WHAT IS NEEDED: Copy out the entries that follow exactly, leaving every picture behind.

──────── EXTRACTED MATERIAL ────────

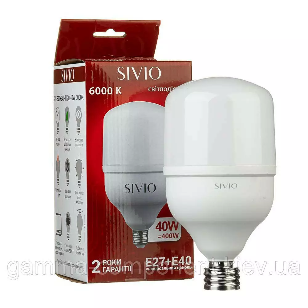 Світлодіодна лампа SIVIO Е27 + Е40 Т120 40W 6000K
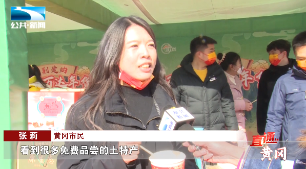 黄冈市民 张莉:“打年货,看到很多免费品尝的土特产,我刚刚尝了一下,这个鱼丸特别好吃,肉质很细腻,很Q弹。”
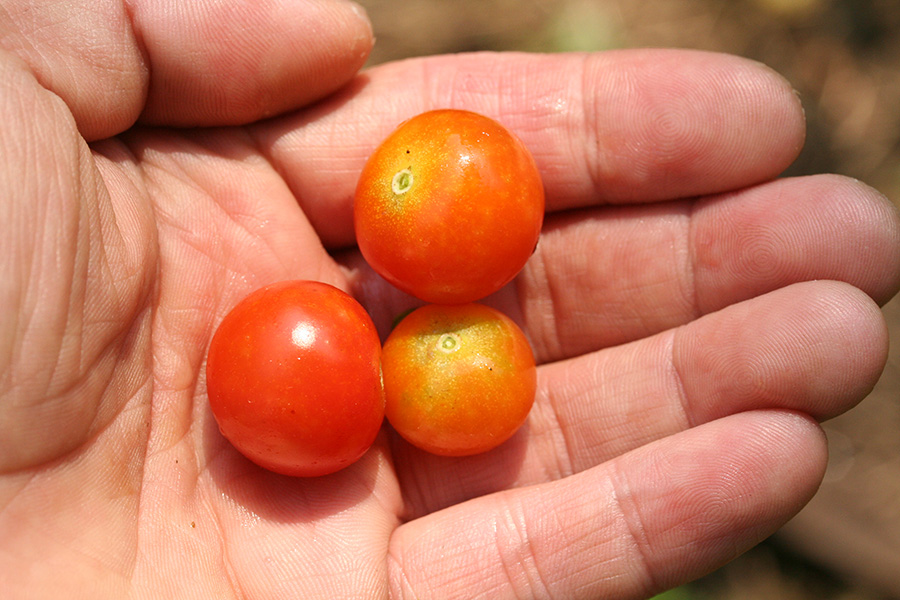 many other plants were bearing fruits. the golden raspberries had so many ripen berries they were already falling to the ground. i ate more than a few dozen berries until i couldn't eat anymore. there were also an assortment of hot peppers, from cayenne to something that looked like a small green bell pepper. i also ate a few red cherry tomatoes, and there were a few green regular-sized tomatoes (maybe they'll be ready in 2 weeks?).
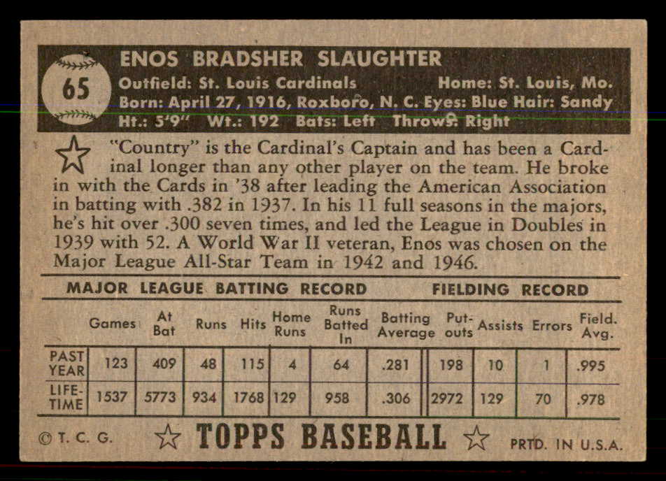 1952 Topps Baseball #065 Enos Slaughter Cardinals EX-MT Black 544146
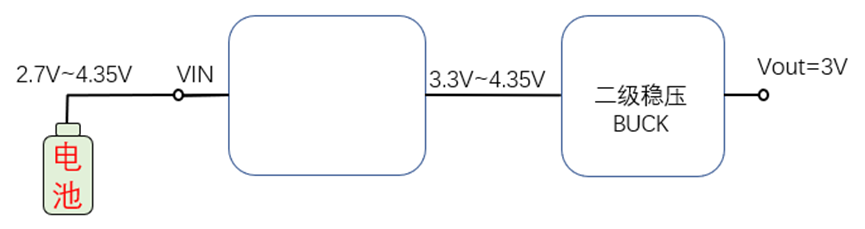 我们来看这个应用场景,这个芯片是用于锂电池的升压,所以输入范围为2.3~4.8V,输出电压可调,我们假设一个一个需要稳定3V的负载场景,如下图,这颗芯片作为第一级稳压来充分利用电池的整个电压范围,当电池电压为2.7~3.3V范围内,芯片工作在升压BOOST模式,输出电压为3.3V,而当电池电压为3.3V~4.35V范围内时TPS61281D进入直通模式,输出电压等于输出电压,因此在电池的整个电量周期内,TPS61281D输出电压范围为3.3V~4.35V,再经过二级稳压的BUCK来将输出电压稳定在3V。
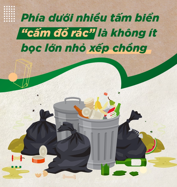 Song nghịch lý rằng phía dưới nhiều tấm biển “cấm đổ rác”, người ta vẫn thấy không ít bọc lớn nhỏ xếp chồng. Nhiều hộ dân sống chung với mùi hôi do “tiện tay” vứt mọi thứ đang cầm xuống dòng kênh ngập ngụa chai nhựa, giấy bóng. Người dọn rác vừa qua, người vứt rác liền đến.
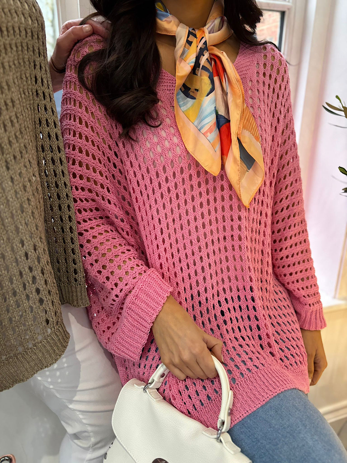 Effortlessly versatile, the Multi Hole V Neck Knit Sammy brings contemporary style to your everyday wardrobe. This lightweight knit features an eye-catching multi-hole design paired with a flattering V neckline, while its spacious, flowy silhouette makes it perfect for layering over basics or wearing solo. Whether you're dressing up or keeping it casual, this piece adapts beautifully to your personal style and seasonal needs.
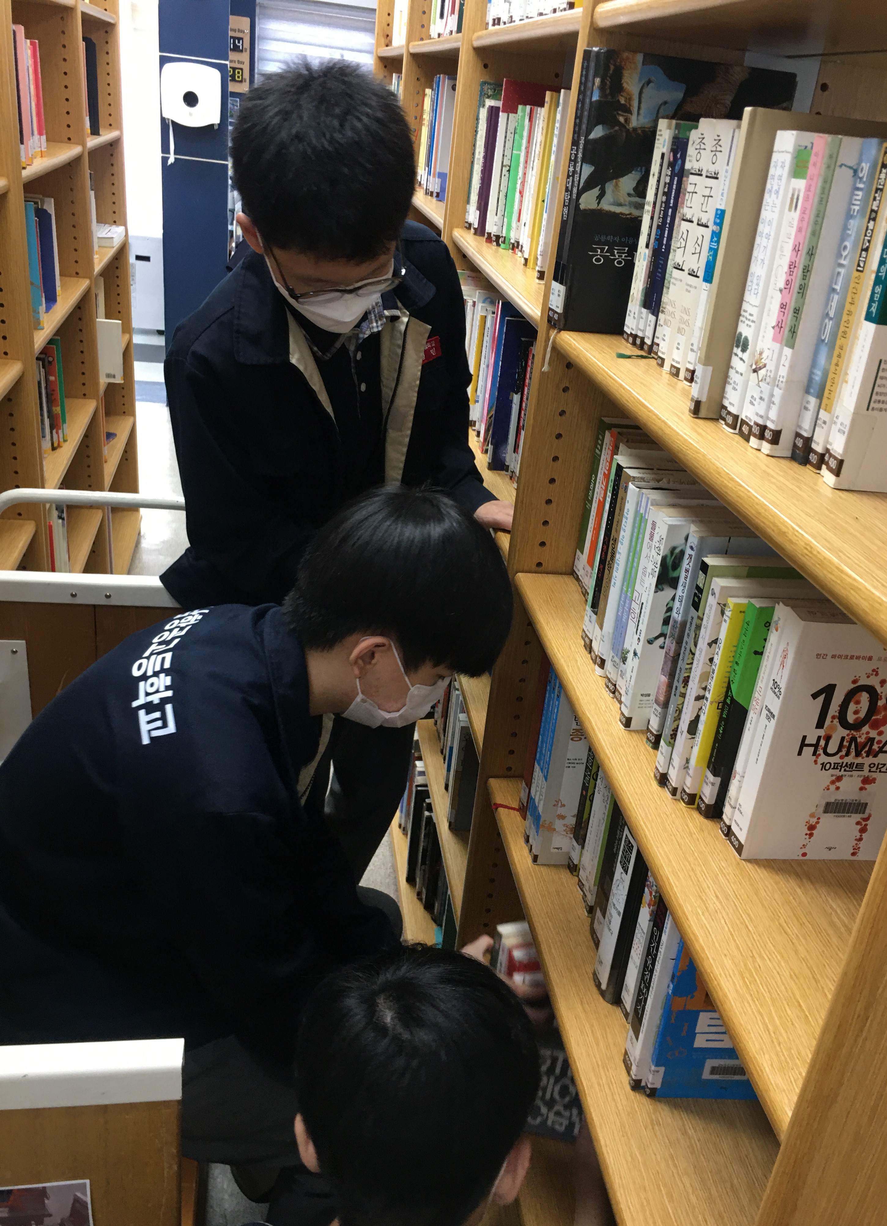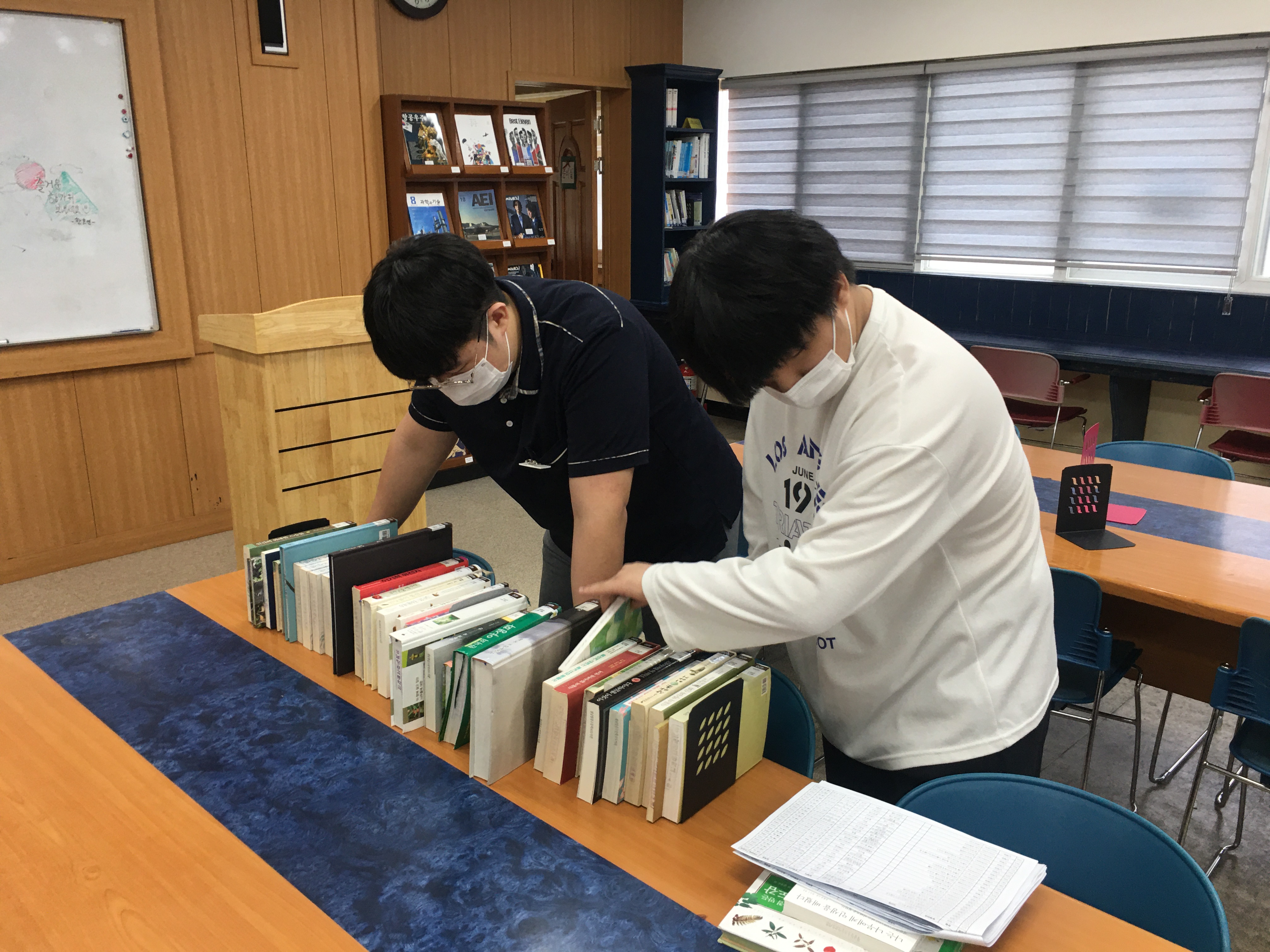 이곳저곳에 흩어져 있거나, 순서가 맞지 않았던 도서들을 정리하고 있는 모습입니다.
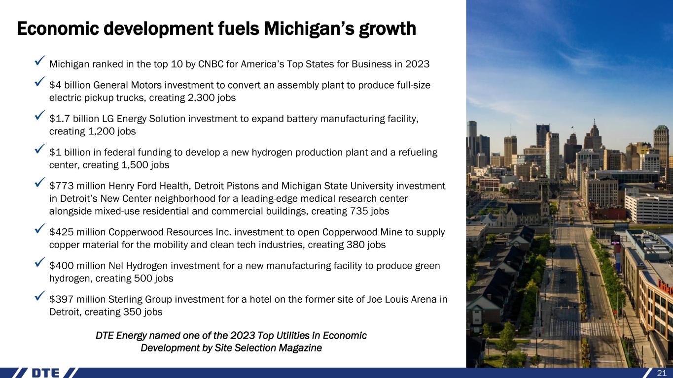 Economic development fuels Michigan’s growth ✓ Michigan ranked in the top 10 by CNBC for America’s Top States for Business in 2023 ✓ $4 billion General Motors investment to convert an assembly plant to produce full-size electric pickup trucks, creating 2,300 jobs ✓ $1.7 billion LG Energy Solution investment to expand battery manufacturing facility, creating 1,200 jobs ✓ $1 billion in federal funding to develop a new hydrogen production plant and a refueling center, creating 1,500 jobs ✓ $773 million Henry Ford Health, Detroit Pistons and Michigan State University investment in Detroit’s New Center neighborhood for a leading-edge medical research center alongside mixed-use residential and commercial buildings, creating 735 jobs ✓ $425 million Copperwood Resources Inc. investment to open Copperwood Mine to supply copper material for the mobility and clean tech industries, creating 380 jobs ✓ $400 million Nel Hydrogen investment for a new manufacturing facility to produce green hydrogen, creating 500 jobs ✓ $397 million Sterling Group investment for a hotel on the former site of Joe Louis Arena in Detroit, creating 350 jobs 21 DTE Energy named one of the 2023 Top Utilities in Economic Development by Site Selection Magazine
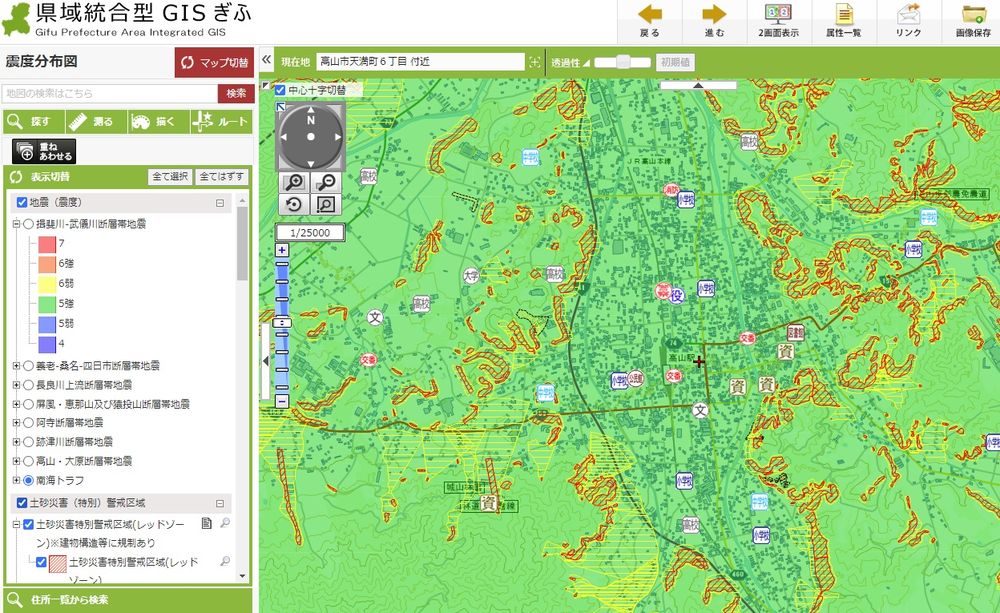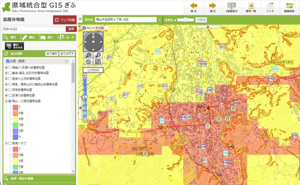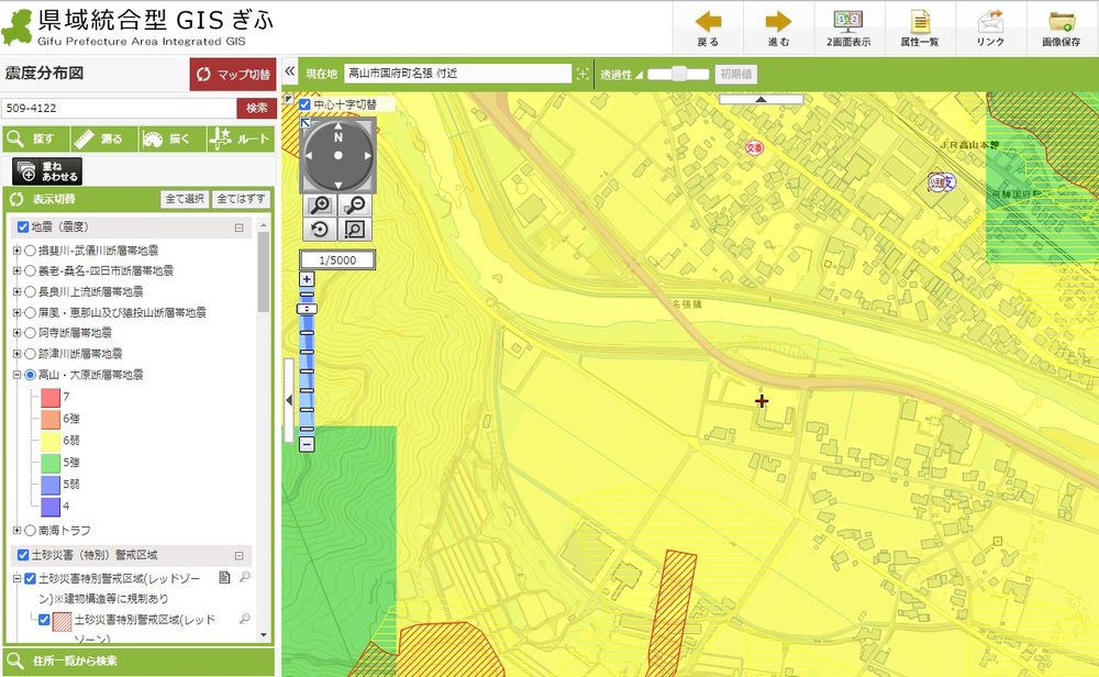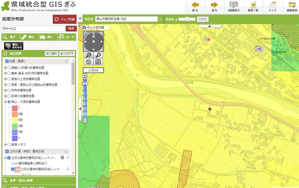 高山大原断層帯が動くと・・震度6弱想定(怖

────────

SOLUTION FOR THIS TASK:
 Світлодіодна лампа SIVIO Е27 + Е40 Т120 40W 6000K
 黄冈市民 张莉:“打年货,看到很多免费品尝的土特产,我刚刚尝了一下,这个鱼丸特别好吃,肉质很细腻,很Q弹。”
 many other plants were bearing fruits. the golden raspberries had so many ripen berries they were already falling to the ground. i ate more than a few dozen berries until i couldn't eat anymore. there were also an assortment of hot peppers, from cayenne to something that looked like a small green bell pepper. i also ate a few red cherry tomatoes, and there were a few green regular-sized tomatoes (maybe they'll be ready in 2 weeks?).
 1952 Topps Baseball #065 Enos Slaughter Cardinals EX-MT Black 544146
 我们来看这个应用场景,这个芯片是用于锂电池的升压,所以输入范围为2.3~4.8V,输出电压可调,我们假设一个一个需要稳定3V的负载场景,如下图,这颗芯片作为第一级稳压来充分利用电池的整个电压范围,当电池电压为2.7~3.3V范围内,芯片工作在升压BOOST模式,输出电压为3.3V,而当电池电压为3.3V~4.35V范围内时TPS61281D进入直通模式,输出电压等于输出电压,因此在电池的整个电量周期内,TPS61281D输出电压范围为3.3V~4.35V,再经过二级稳压的BUCK来将输出电压稳定在3V。
 Song nghịch lý rằng phía dưới nhiều tấm biển “cấm đổ rác”, người ta vẫn thấy không ít bọc lớn nhỏ xếp chồng. Nhiều hộ dân sống chung với mùi hôi do “tiện tay” vứt mọi thứ đang cầm xuống dòng kênh ngập ngụa chai nhựa, giấy bóng. Người dọn rác vừa qua, người vứt rác liền đến.
 Effortlessly versatile, the Multi Hole V Neck Knit Sammy brings contemporary style to your everyday wardrobe. This lightweight knit features an eye-catching multi-hole design paired with a flattering V neckline, while its spacious, flowy silhouette makes it perfect for layering over basics or wearing solo. Whether you're dressing up or keeping it casual, this piece adapts beautifully to your personal style and seasonal needs.
 이곳저곳에 흩어져 있거나, 순서가 맞지 않았던 도서들을 정리하고 있는 모습입니다.
 Economic development fuels Michigan’s growth ✓ Michigan ranked in the top 10 by CNBC for America’s Top States for Business in 2023 ✓ $4 billion General Motors investment to convert an assembly plant to produce full-size electric pickup trucks, creating 2,300 jobs ✓ $1.7 billion LG Energy Solution investment to expand battery manufacturing facility, creating 1,200 jobs ✓ $1 billion in federal funding to develop a new hydrogen production plant and a refueling center, creating 1,500 jobs ✓ $773 million Henry Ford Health, Detroit Pistons and Michigan State University investment in Detroit’s New Center neighborhood for a leading-edge medical research center alongside mixed-use residential and commercial buildings, creating 735 jobs ✓ $425 million Copperwood Resources Inc. investment to open Copperwood Mine to supply copper material for the mobility and clean tech industries, creating 380 jobs ✓ $400 million Nel Hydrogen investment for a new manufacturing facility to produce green hydrogen, creating 500 jobs ✓ $397 million Sterling Group investment for a hotel on the former site of Joe Louis Arena in Detroit, creating 350 jobs 21 DTE Energy named one of the 2023 Top Utilities in Economic Development by Site Selection Magazine
 高山大原断層帯が動くと・・震度6弱想定(怖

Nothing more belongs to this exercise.